Truth is stranger than fiction. After being locked inside for six weeks, my immune system got a taste of the outside world when I had my Remicade (infliximab) infusion and quarterly bloodwork in mid-April. Having overcome the Crohn’s flare that began shortly after I went into self-isolation, my excitement-starved immune system began attacking my body. I’ve spent the past month and a half leaving the house every week to appease it.
The adventure begins
My quarterly bloodwork was unremarkable. All my numbers were stable and around the normal range. However, my tacrolimus level, which suppresses my immune system, was a little low.

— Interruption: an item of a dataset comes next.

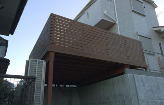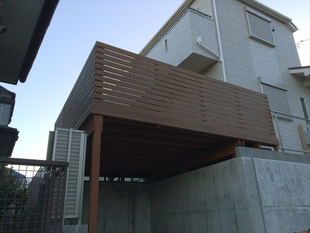 新築戸建て住宅で、駐車場上のデッドスペースをウッドデッキにする前提の土地割りがされている所へのご依頼となりました。擁壁部分に柱材を設定できるようになっているため、長材を通常施工より使用しないので価格も抑えられることとなり…..

I knew if my transplant nurse Cassie called, she would increase my dosage.
When she called, I asked if diarrhea could affect the tacrolimus level. She told me to hold off on increasing my dose until she spoke to my doctor. Cassie never called back, but I decided to get labs redone two weeks later. I no longer had diarrhea, and I wanted to see if my numbers improved.
In the interim, I had a telehealth appointment with my gastroenterologist’s physician assistant Jessica. I was unable to schedule the FibroScan ordered by my hepatologist to check for fatty liver disease because the center was closed. Jessica suggested I start drinking coffee because the antioxidants would combat the effects of the disease. I left a message with Cassie about the FibroScan and told her to keep an eye out for lab results.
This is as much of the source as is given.